YOUR OBJECTIVE:
Set the material down again exactly, line by line, skipping each picture.

DATA PROVIDED:

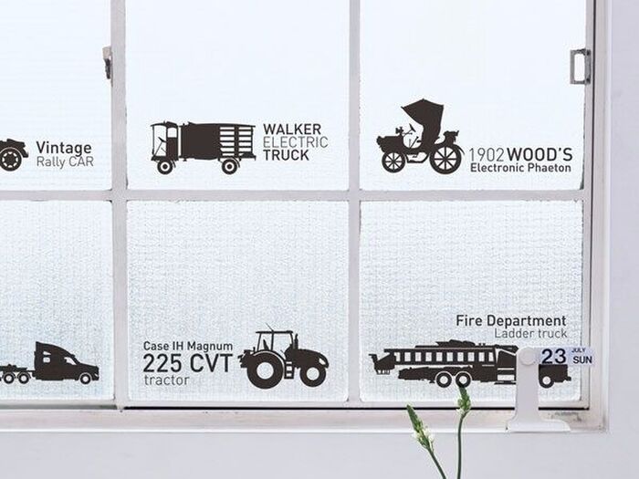 いくつかセットで入っているステッカーの一部を、窓の下にさりげなく貼りつけて。ちょっとしたアクセントになって、空間をモダンな雰囲気に演出しています。
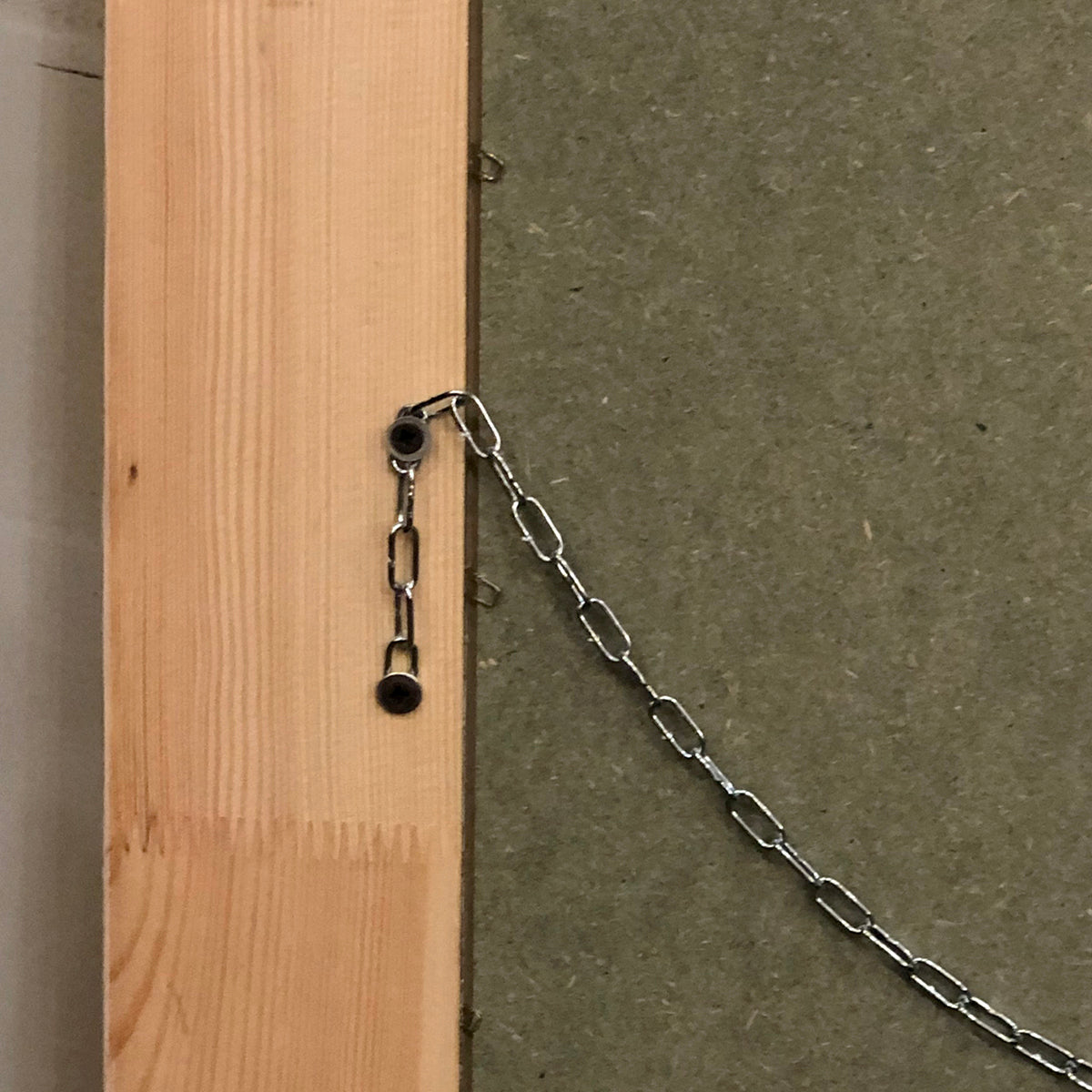 背面には縦横どちらでも吊れるよう、チェーンがついています。縦吊りは幅広の姿見として、横吊りはソファやサイドボードなどの背面の装飾としておすすめです。
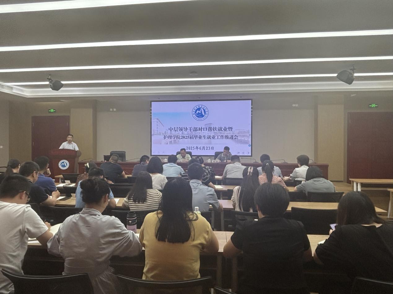 為緊抓畢業(yè)生離校前就業(yè)窗口期,全力推動(dòng)2025屆畢業(yè)生高質(zhì)量充分就業(yè),6月23日,護(hù)理學(xué)院召開(kāi)2025屆畢業(yè)生就業(yè)推進(jìn)會(huì),全面部署沖刺階段任務(wù)。校黨委書(shū)記曾武祈、副校長(zhǎng)周雄出席會(huì)議,對(duì)口幫扶行政處室、學(xué)院班子成員及畢業(yè)班輔導(dǎo)員參會(huì)。
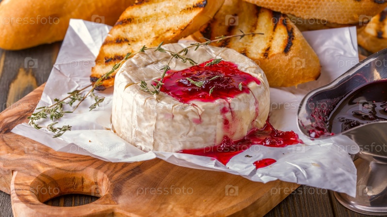 Камамбер с ягодным джемом, тостами и тимьяном

ANSWER BELOW:
 いくつかセットで入っているステッカーの一部を、窓の下にさりげなく貼りつけて。ちょっとしたアクセントになって、空間をモダンな雰囲気に演出しています。
 背面には縦横どちらでも吊れるよう、チェーンがついています。縦吊りは幅広の姿見として、横吊りはソファやサイドボードなどの背面の装飾としておすすめです。
 為緊抓畢業(yè)生離校前就業(yè)窗口期,全力推動(dòng)2025屆畢業(yè)生高質(zhì)量充分就業(yè),6月23日,護(hù)理學(xué)院召開(kāi)2025屆畢業(yè)生就業(yè)推進(jìn)會(huì),全面部署沖刺階段任務(wù)。校黨委書(shū)記曾武祈、副校長(zhǎng)周雄出席會(huì)議,對(duì)口幫扶行政處室、學(xué)院班子成員及畢業(yè)班輔導(dǎo)員參會(huì)。
 Камамбер с ягодным джемом, тостами и тимьяном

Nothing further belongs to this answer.